Clearing Hard Drive Clutter
Techniques and tools for keeping your hard drive neat and tidy, complete
with links that let you download drive-management shareware and freeware
programs. Adapted from my Macworld "Working Smart" column,
December, 1995. (On Macworld Online, you
can read the column as originally published in Macworld. To return to
Heidsite, use your browser's Back button or Go menu.)

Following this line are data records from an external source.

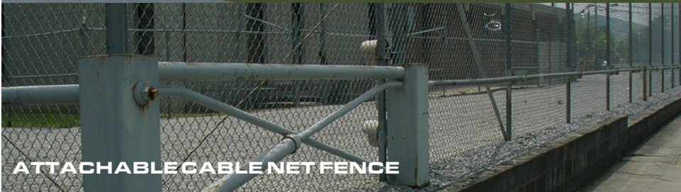
ATTACHABLE CABLE NET FENCE

The CABLE NET FENCE is an energy absorbing post and cable barrier system that prevents vehicular intrusion. This anti-ram product transforms the existing security perimeter to provide a crash-rated barrier for sites with high vulnerability, critical assets, and elevated security needs.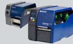
NEW BradyPrinter i7100 and legacy PR PLUS printer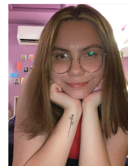
Margaret Gordon Lestz Legacy Loan

- Clearing Hard Drive Clutter
- Trash Old Preferences Files
- Delete Orphaned Aliases
- Purge Those Custom Icons
- Deck Your Desktop
- Keep it Clean
- More Ways to Save Space
It isn't always the big things that eat away at your closet
space. Sometimes it's the little gimcracks that gather over time, making
their way to the back of the closet where they collect dust and slow you
down when you need to find something.
This same phenomenon occurs with hard drives. Sure, the Microsoft Words
and Adobe PageMakers of the world take their toll on disk space. But so
do a variety of small files that accumulate over time. Preferences files,
aliases, custom icons--these and other items multiply as you use the Mac,
nibbling away at disk space like termites and slowing down tasks such as
opening folders and searching for files. And because of the way the Mac
allocates space on hard drives, these little files take a bigger bite out
of large drives than small ones. For example, the smallest file a Mac can
create on a 230MB hard drive is 4K, but on a 1GB hard drive, a file can
be no smaller than 16K.
Trash Old Preferences Files
Most programs create preferences files that store operating information,
such as the size and position of windows, your custom keyboard and tool
palette settings, and your serial number and registration information. These
preferences files live in a folder named Preferences Folder, located within
your System Folder.
When you delete a program, its preferences file stays behind, wasting disk
space. If you use a lot of software--particularly if you try out programs
from sampler CD-ROMs or you play with freeware and shareware--preferences
files can multiply like rabbits. A search through my own Preferences folder
yielded 345 files using a total of 5.6MB. Most of the files belong to applications
I still use, but many are from shareware or demo programs that I'll never
double-click again.
One way to clean out your Preferences folder is by hand--open the folder
and drag to the Trash any preferences files whose programs are long gone.
Don't fret if you accidentally trash a preferences file for a program you
do still use--all programs I'm aware of will create a fresh preferences
file if they can't find one, although you may lose any custom settings you
created.
Another way to purge your preferences folder is with Jim Moore's O-Limpia
freeware utility. O-Limpia displays a window listing your preferences files
and provides several useful features that can help you determine whether
a given file is needed. You can move unused preferences files to the Trash
or attempt to locate the application that created them.
Delete Orphaned Aliases
I can't imagine using the Mac without aliases. The way they provide fast
access to items buried within folders or stored on a file server is so convenient
that it's no wonder Microsoft "adopted" the idea for Windows 95.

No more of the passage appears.